Его пистолет опустился. Он согласился со мной! Я не знаю, что меня подтолкнуло к тому, чтобы крикнуть эту фразу. Наверное, его рассказ. А может быть, слова, обращенные к самой вазе. Те, что он говорил последними…
Виктор снова смотрел уже на вазу. Я готова поклясться, что так мужчина смотрит на женщину, которую любит! Уверенно, агрессивно и в то же время – с внутренним трепетом перед ней. Я поняла, что Ирэн – уже мертвая – продолжала подчинять его себе.
Он сделал один шаг в ее сторону. И тут я его наконец ударила. Ногой. Что было силы. Я вложила в этот удар всю свою злость – на него, на жизнь, на мужчин. Я била его левой ногой в основание черепа. В затылок.
И попала как раз туда, куда хотела попасть. Что-то хрустнуло, и в моем мозгу вспыхнули искры от острой, пронизывающей меня боли. Я не слышала выстрела. Я потеряла сознание, так и не узнав толком – удалось мне его вырубить? Или все же он застрелил меня?
ГЛАВА 18
Я очнулась от струи вонючей противной жидкости, которая лилась мне на лицо сверху.
Что за черт? Где это я? Что за гадость на меня льют? Отчаянно болела левая нога. Словно на нее наехал колесом груженый карьерный «БелАЗ» и забыл съехать. Я лежала в какой-то странной позе, как-то вывернувшись штопором, лицом уткнувшись во что-то твердое.
Я открыла глаза. У меня прямо перед носом оказался какой-то среднеазиатский узор, сотканный из длинных ковровых ворсинок. Узор был мне на удивление знаком. – «Что это? – с недоумением размышляла я. – Где я уже видела этот узор?»
Я осторожно повернула голову, которая тоже отчаянно болела, и увидела прямо перед глазами ножку кровати.
«Господи! Да это же моя спальня! – дошло до меня, и я тут же все вспомнила. – Но что за гадость на меня сейчас лилась?»

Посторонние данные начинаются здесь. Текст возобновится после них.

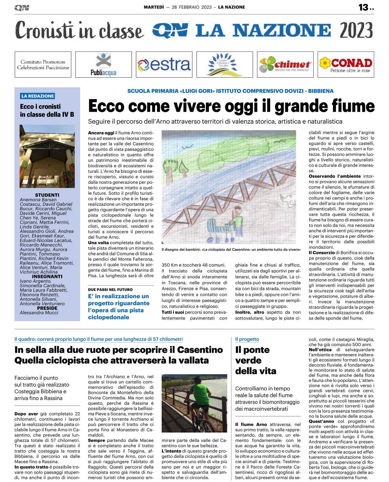 Ancora oggi il fiume Arno continua ad essere una risorsa importante per la valle del Casentino dal punto di vista paesaggistico e naturalistico in quanto offre un patrimonio inestimabile di biodiversità e di ecosistemi naturali. L’Arno ha bisogno di essere riscoperto, vissuto e curato dalla nostra generazione per poterlo consegnare intatto a quelle future. Sotto il profilo turistico è da rilevare che è in fase di realizzazione un importante progetto riguardante l’opera di una pista ciclopedonale lungo le strade del fiume che porterà ciclisti, escursionisti, residenti e turisti a conoscere il percorso del fiume Arno.

Я посмотрела вверх. И увидела цветочную вазу, которая обычно стоит на подоконнике в моей спальне. Из нее струйка противной вонючей воды лилась мне на лицо. А над вазой мне с трудом, но все же удалось разглядеть физиономию Славки Киреева.

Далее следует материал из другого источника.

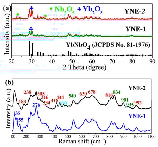Figure 1b shows the vibrations associated to Raman scattering for YNE-1 and YNE-2 phosphors. Raman bands around 117, 183, 303, 316, 334, 418, 444 and 816 cm−1 are agreed with the literature data reported for the YbNbO4 []. The Raman peaks at 418 cm−1 and 334/816 cm-1 are assigned to Nb-O anti-symmetric and symmetric modes of NbO4 tetrahedral structure, respectively, meaning that YNE-1 and YNE-2 have a regular NbO4 tetrahedron with no interactions and distortions []. Additionally, YbNbO4:Er3+ phosphors here also possess the similar structure to H-Nb2O5 due to the appearance of Raman bands at 238, 630, 678 and 992 cm−1 []. The Raman peaks observed at 540, 834, 901 and 935 cm−1 represent the existent of the impurity phase Nb2O5 [,,], and Raman bands at 470 cm−1 is assigned to the phase Yb2O3 []. The phonon energies below 300 cm−1, including 135, 155 and 276 cm-1, are assigned to external vibrations []. Referring to XRD and Raman spectra, the formation evolution of YbNbO4:Er3+ could be understood by the following equations [,]: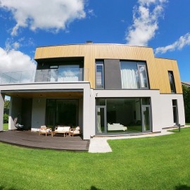 Лот 69106. НИИ Радио. Новый современный дом из газосиликатных блоков, 216 кв.м. в новом закрытом коттеджном поселке, с отделкой "под ключ" Внешняя отделка - крупноформатный керамогранит, ригельный камень, утепление толщиной 150 мм; У дома кровля - мембрана (можно сделать...

Наконец я сообразила, что происходит. Я лежала в проходе между стеной и кроватью, потеряв сознание, а Славка приводил меня в чувство, поливая водичкой. А такая противная она потому, что я ее не меняла с того вечера, как пришел за кассетой Киреев и принес мне цветы. Прошло два дня. Вот водичка и протухла уже.

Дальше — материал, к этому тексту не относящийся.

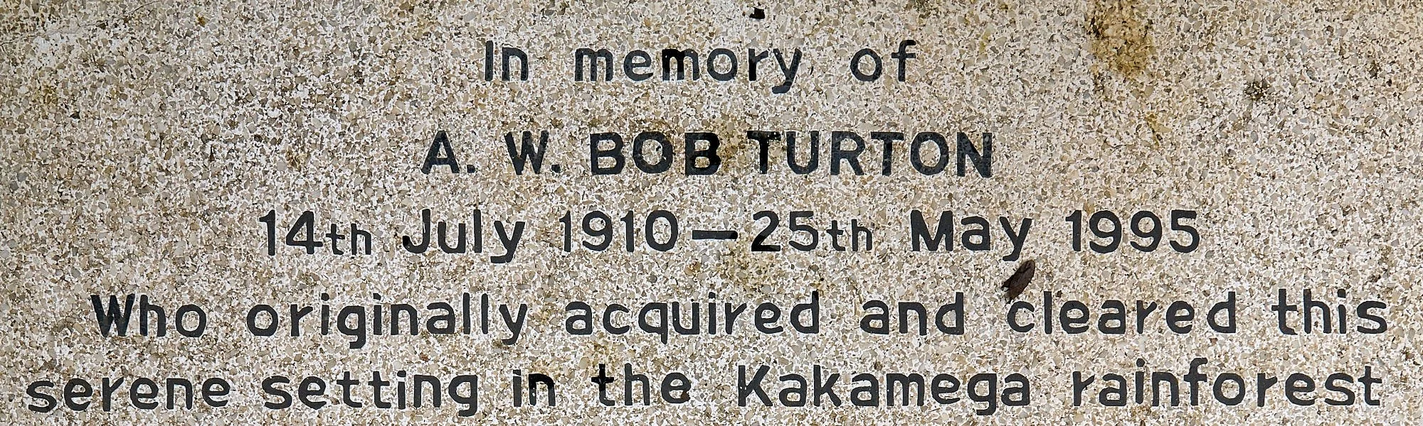 Bob Turton, from South Africa, came to Kenya to seek his fortune in the Kakamega Gold Rush. When that did not “pan out” he turned to timber, running a sawmill, but practicing the sustainable forest policy of the colonial era. One day the sawmill received an order for an Elgon Olive (teak). Bob was informed by his workers of an especially fine specimen in the forest nearby. His wife (Anita), on seeing the tree, declared that it should not be cut down, rather that she must have her house built facing it. Bob did just that and made a home and garden for themselves, deep in the forest. Anita, a keen gardener, laid out a magnificent garden, beneath an overarching cathedral of trees, with the help of an army of gardeners. They were married for 25 years when sadly she died.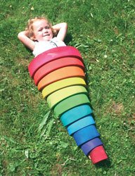 Använd som bro, tunnel, staket, hus, vagga, hinder … 12 delar i olika färger, den största är 18 cm hög och 38 cm lång. Tillverkad av Grimms och prisbelönt för sina pedagogiska egenskaper. Gjord av återplanterade träd, samt målad med giftfria och miljövänliga färger. Pris: 579 kr Mer info om var du kan köpa produkten.

Осталось выяснить сущие пустяки.
Откуда взялся Славка?
Куда делся Виктор?
Почему я лежу на полу?
И еще – хорошо бы узнать, почему так сильно болит нога?
И голова – как будто мне гвоздь вбили прямо в макушку…
Это только первые из списка вопросов, на которые мне хотелось бы получить ответ. И желательно поскорее.
Последнее, что я помнила, – мою ступню, летящую к голове Виктора, и свой крик – я, правда, сама его не слышала, но мне кажется, что я все же кричала.
– Таня! Таня! Ты в порядке? Смотри на меня. Ты меня видишь? Я – Киреев. Ты узнаешь меня? На меня смотри…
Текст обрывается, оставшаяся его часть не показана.